The next week started off with a horrible motorcycle accident that I photographed. The rider was killed, and he was a beloved member of the community that my small newspaper serves. The next day his son came into the office to tell me how much of an ******* I was for taking  the picture of the mangled wreckage that ran on the cover. When I scanned in an old shot of him for his obituary, his smiling face burned the image of that same face, bloated and dead, lying on the highway, deep into my brain. Death isn't new to me, photographed lots of fatals; this was different.
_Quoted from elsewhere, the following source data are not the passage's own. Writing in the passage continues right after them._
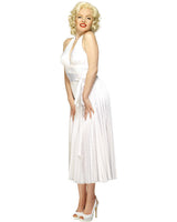 Be the star of the show with our iconic Marilyn Monroe Costume. This halterneck white dress will instantly transform you into the famous actress. Get ready to strike a pose and have the time of your life! One size uk 12-14.
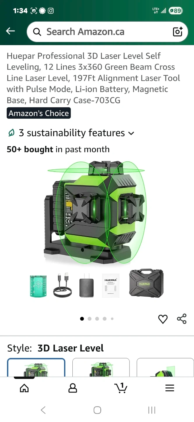 Selling a Huepar B03CG Pro Laser Level in great condition! This self-leveling laser projects 12 lines of 3x360 green beams, making it perfect for alignment tasks. It has a magnetic base and comes with a hard carry case. The original price was $179.99, so this is a great deal!
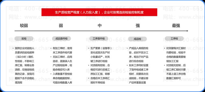系统支持全生产检验业务类型,客户可根据检验控制粒度以及人力资源情况选择合适自己的检验控制方案:
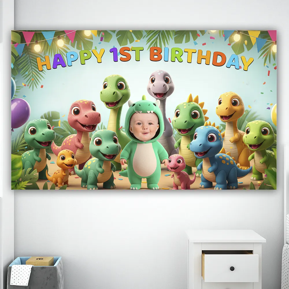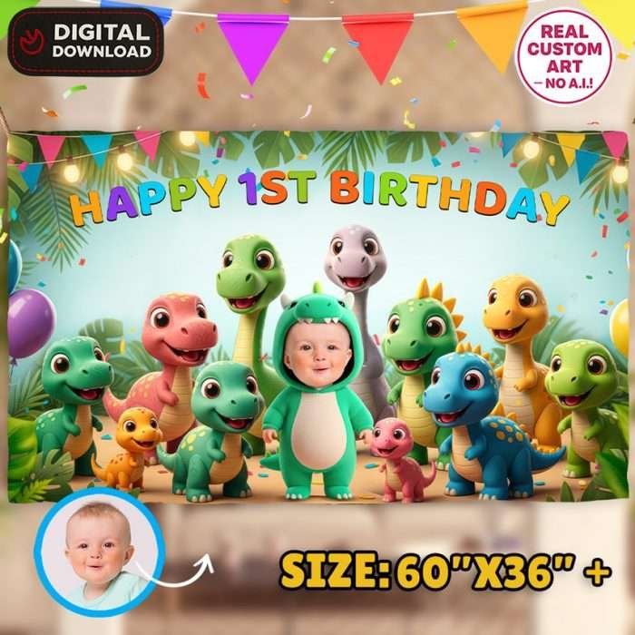 Our Custom Baby Dinosaur Birthday Banner is fully personalized with your child’s photo, placing them at the center of a playful prehistoric scene. With bold design and Jurassic vibes, this banner creates an unforgettable backdrop for photos, party décor, and memories that will last a lifetime.Every banner is carefully handcrafted by a professional designer using Adobe Photoshop — never AI or automated templates. Your baby’s photo is seamlessly integrated into a charming triceratops-themed scene, with expert retouching, realistic shadows, and vibrant detail.This isn’t just a decoration — it’s a one-of-a-kind keepsake that transforms your party into a dinosaur adventure to remember.

The following Monday, two days ago, I came in to news of the tragic death of a 19 year-old star athlete who graduated only a couple months ago. I'd shot him playing football many times and spoken to him a little, really sweet kid. I headed to the makeshift memorial at the site of his death and was almost overcome with emotion as I snapped pictures of children learning of mortality. I devoted a whole page to pictures of him in todays paper. This time the kid's mom came in and thanked me. That felt good, but I couldn't hold on to it. I feel like my pain in dealing with this isn't really justified, which makes me feel guilty, it's like my bees ting to the family's bullet wound.
I can still function, I've gotten very good at working through pain. Two years ago my best friend died in a car accident. The next day I photographed an SUV on top of two women and their motorcycle. They survived, but both of their backs were broken. My friend's brother was in the car with him, fresh home from Iraq. He survived with some brain injuries, only to be stop-lossed and sent back to war. A couple weeks ago he was hit by an IED, he's alive, and coming home, thank God, but suffered serious traumatic brain injury.
My girlfriend and I are seeing a counselor together, and I like her. But the main reason I'm really going is to help her. She survived abuse from someone  who I know well as a 7 year-old, and is only now, with my help, beginning to deal with it. I love helping her, but it's taken such a toll on her that she really doesn't always have it in her to be what I need her to be. Worse yet, I'm not so sure I know what I need.
I have to find a way to be happy, this isn't fair to her, or to me. Please help.